Stored items from a collection:

————

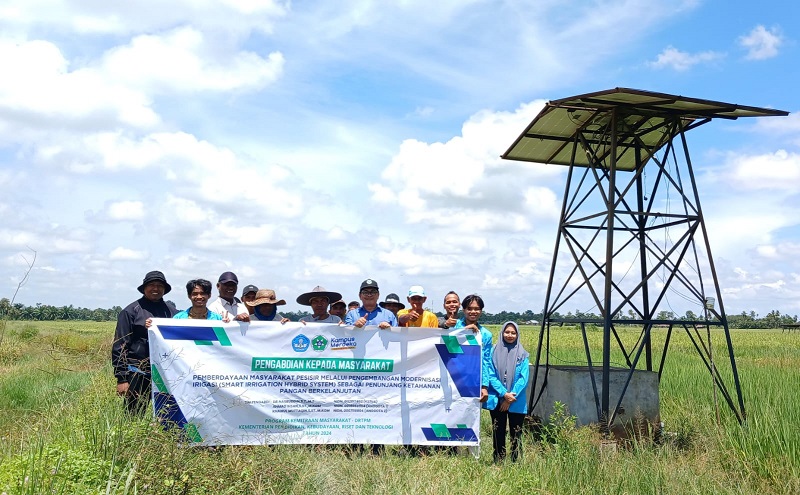 ACEH TAMIANG (Waspada): Tim Pengabdian Kepada Masyarakat Universitas Samudra (Unsam) melaksanakan kegiatan pengabdian Program Kemitraan Masyarakat (PKM) DRTPM dari Kementerian Pendidikan, Kebudayaan, Riset, dan Teknologi (Kemendikbudristek) dengan memberikan pembekalan sekaligus pemberian alat berupa teknologi irigasi modern Smart Irrigation Hybrid kepada Mitra Kelompok Tani Blang Luah di Desa Tualang Baru, Kecamatan Manyak Payed Kabupaten Aceh Tamiang.
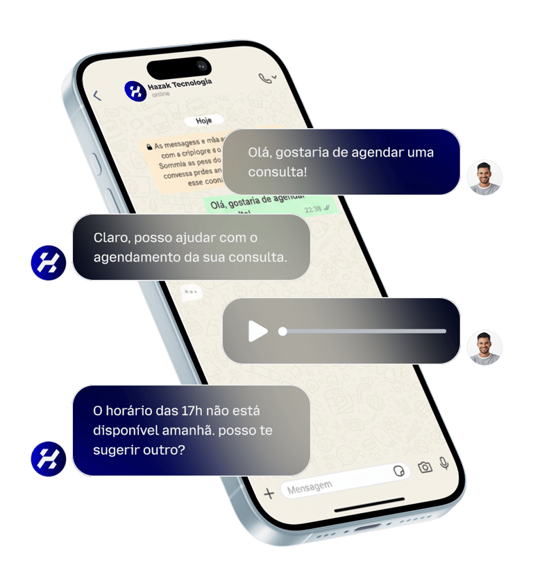 Seu agente pode ouvir e enviar áudios, ler e responder textos e enviar arquivos. Tudo isso para seu paciente se sentir acolhido e valorizado.
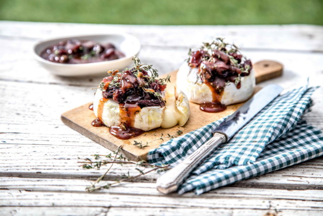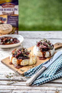 Připravte si misku, ve které smícháte švestkovou omáčku s jednou hrstí rozinek a k tomu přidejte lístky z jedné snítky tymiánu. Každý Hermelín dejte na alobal a posypte jej zbylými rozinkami a ke každému přidejte jednu snítku tymiánu. Zabalte do alobalu a grilujte asi 8 minut. Po vyndání z grilu každý hermelín přelijte švestkovou omáčkou a podávejte hostům.
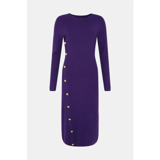 Tall Purple Button Detail Knitted Dress
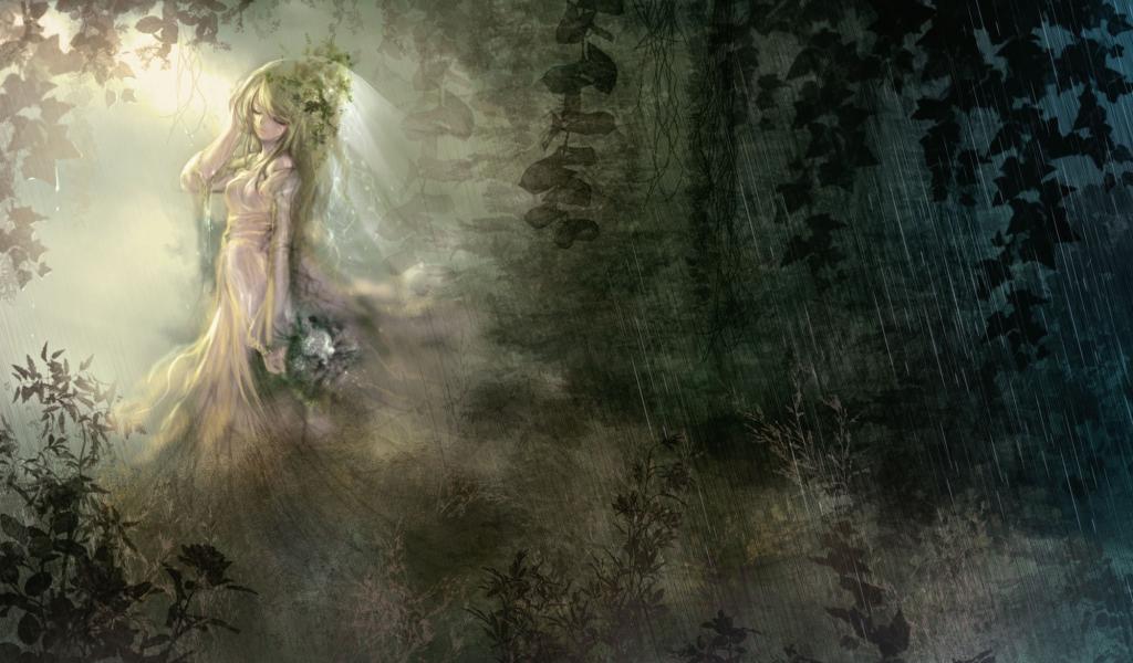 Обои Аниме девушка под дождем
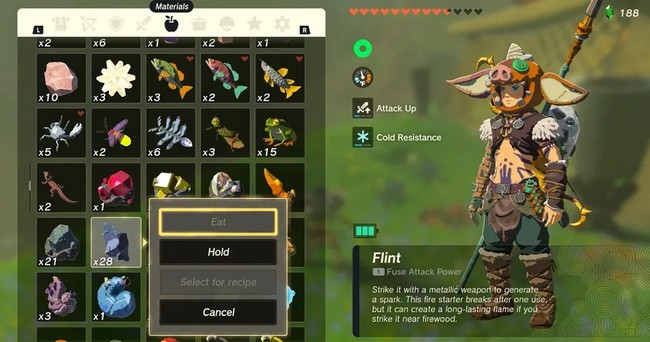 Pour faire un simple feu de camp dans Tears of the Kingdom, vous avez besoin de deux ingrédients : un silex et du bois. Le bois est facile à trouver, il suffit d’abattre quelques arbres. Le silex se trouve dans les grottes et le long des falaises, près des rochers brillants et cassants.
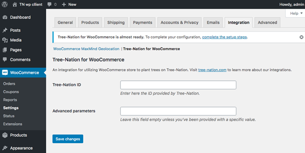 Your unique Tree-Nation Integration ID will be generated — it looks like this:
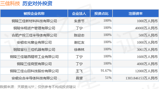 证券之星消息,根据天眼查APP显示,三佳科技(600520.SH)新增一起对外投资事件,被投资公司为铜陵三佳新材料科技有限公司,法定代表人朱贵节,投资占比为100%。该公司从事科技推广和应用服务业,注册资本为1000万人民币。目前,三佳科技共存在对外投资9项,详见下表:
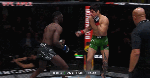 With less than a minute left in the first round, Onama backed Benitez up against the cage where he unloaded a vicious onslaught of strikes. It was roughly a 10-15 piece combo with two sides and an extra large drink.
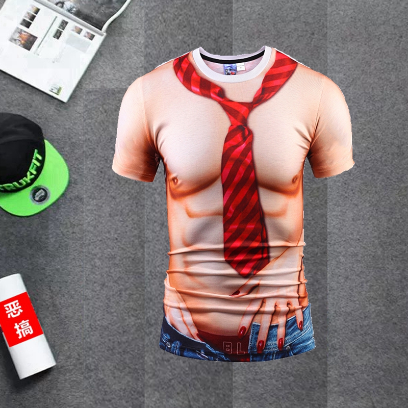 [4]創意搞笑肌肉男t恤3D紋身衣服立體圖案個性假68塊腹胸肌短袖t恤潮1入
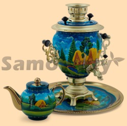 Каталог » Самовары ЭЛЕКТРИЧЕСКИЕ » Самовары электрические на 110 Вольт (для Америки) » Набор электрический Деревенька лето (3л, 110 Вольт, для Америки)

————

Copy all records exactly, no images.

 ACEH TAMIANG (Waspada): Tim Pengabdian Kepada Masyarakat Universitas Samudra (Unsam) melaksanakan kegiatan pengabdian Program Kemitraan Masyarakat (PKM) DRTPM dari Kementerian Pendidikan, Kebudayaan, Riset, dan Teknologi (Kemendikbudristek) dengan memberikan pembekalan sekaligus pemberian alat berupa teknologi irigasi modern Smart Irrigation Hybrid kepada Mitra Kelompok Tani Blang Luah di Desa Tualang Baru, Kecamatan Manyak Payed Kabupaten Aceh Tamiang.
 Seu agente pode ouvir e enviar áudios, ler e responder textos e enviar arquivos. Tudo isso para seu paciente se sentir acolhido e valorizado.
 Připravte si misku, ve které smícháte švestkovou omáčku s jednou hrstí rozinek a k tomu přidejte lístky z jedné snítky tymiánu. Každý Hermelín dejte na alobal a posypte jej zbylými rozinkami a ke každému přidejte jednu snítku tymiánu. Zabalte do alobalu a grilujte asi 8 minut. Po vyndání z grilu každý hermelín přelijte švestkovou omáčkou a podávejte hostům.
 Tall Purple Button Detail Knitted Dress
 Обои Аниме девушка под дождем
 Pour faire un simple feu de camp dans Tears of the Kingdom, vous avez besoin de deux ingrédients : un silex et du bois. Le bois est facile à trouver, il suffit d’abattre quelques arbres. Le silex se trouve dans les grottes et le long des falaises, près des rochers brillants et cassants.
 Your unique Tree-Nation Integration ID will be generated — it looks like this:
 证券之星消息,根据天眼查APP显示,三佳科技(600520.SH)新增一起对外投资事件,被投资公司为铜陵三佳新材料科技有限公司,法定代表人朱贵节,投资占比为100%。该公司从事科技推广和应用服务业,注册资本为1000万人民币。目前,三佳科技共存在对外投资9项,详见下表:
 With less than a minute left in the first round, Onama backed Benitez up against the cage where he unloaded a vicious onslaught of strikes. It was roughly a 10-15 piece combo with two sides and an extra large drink.
 [4]創意搞笑肌肉男t恤3D紋身衣服立體圖案個性假68塊腹胸肌短袖t恤潮1入
 Каталог » Самовары ЭЛЕКТРИЧЕСКИЕ » Самовары электрические на 110 Вольт (для Америки) » Набор электрический Деревенька лето (3л, 110 Вольт, для Америки)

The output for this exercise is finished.